Immunomodulating activities of ethylene-2,2'-bis(dithio)bis(ethanol) and related compounds. Effects on murine lymphocyte proliferation and functions in vitro
Int J Immunopharmacol 1985;7(1):129-40.PMID:2581905DOI:10.1016/0192-0561(85)90018-9.
HEDS (2-hydroxyethyl disulfide) and structurally related compounds were found to affect lymphocyte proliferation and functions in vitro. HEDS, and ADA 202-718 (ethylene-2-2'-bis(dithio)bis(ethanol], were shown to stimulate the proliferation of murine spleen cells.

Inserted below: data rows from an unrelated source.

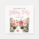 Cute cat birthday party napkins featuring a whimsical pink script and a painted watercolor cat with pink and mauve flowers near the bottom of the design. Personalise the cat-themed birthday party napkins with the birthday girl's name, age, and date.
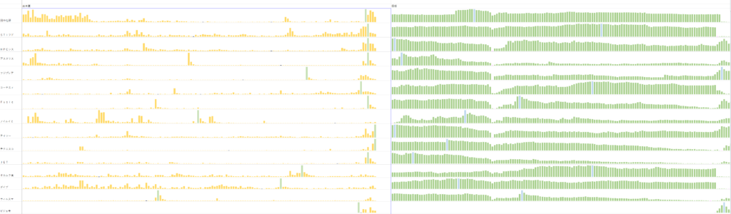 月曜 一気に 上がって行って 一気に 下がって来てた
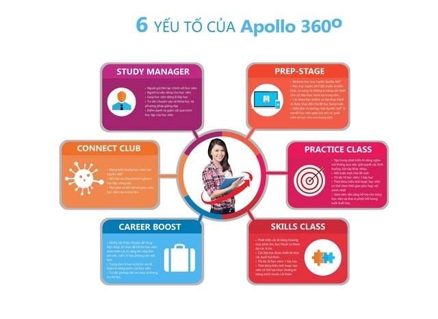 Điểm đặc biệt nhất của Apollo 360° chính là sự kết hợp hài hòa của 6 yếu tố trên nền tảng của phương pháp Flip, giúp học viên hoàn thiện kỹ năng tiếng Anh hiệu quả và toàn diện.

The growth of populations of murine T-cells (thymocytes) was not stimulated. HEDS and ADA 202-718 enhanced the allogeneic response in the mixed lymphocyte reaction and stimulated the formation of antibody producing cells in a primary humoral immune response. A similar stimulatory effect was observed in a secondary humoral response towards a T-cell specific antigen, DNP-keyhole limpet hemocyanine. Neither ADA 202-718 nor HEDS exhibited gamma-interferon inducing ability, when tested on quiescent Balb/c spleen cell cultures in absence of antigen. However, HEDS, and especially ADA 202-718 potentiated the allogen-induced gamma-interferon production and release in the mixed lymphocyte reaction. Both HEDS and ADA 202-718 seemed to induce or stimulate the release of an interleukin-1-like activity as well as interleukin-2 in Balb/c spleen cells. No obvious effect, however, was seen with either compound on maturation or immune-phagocytic activity of bone-marrow derived macrophages.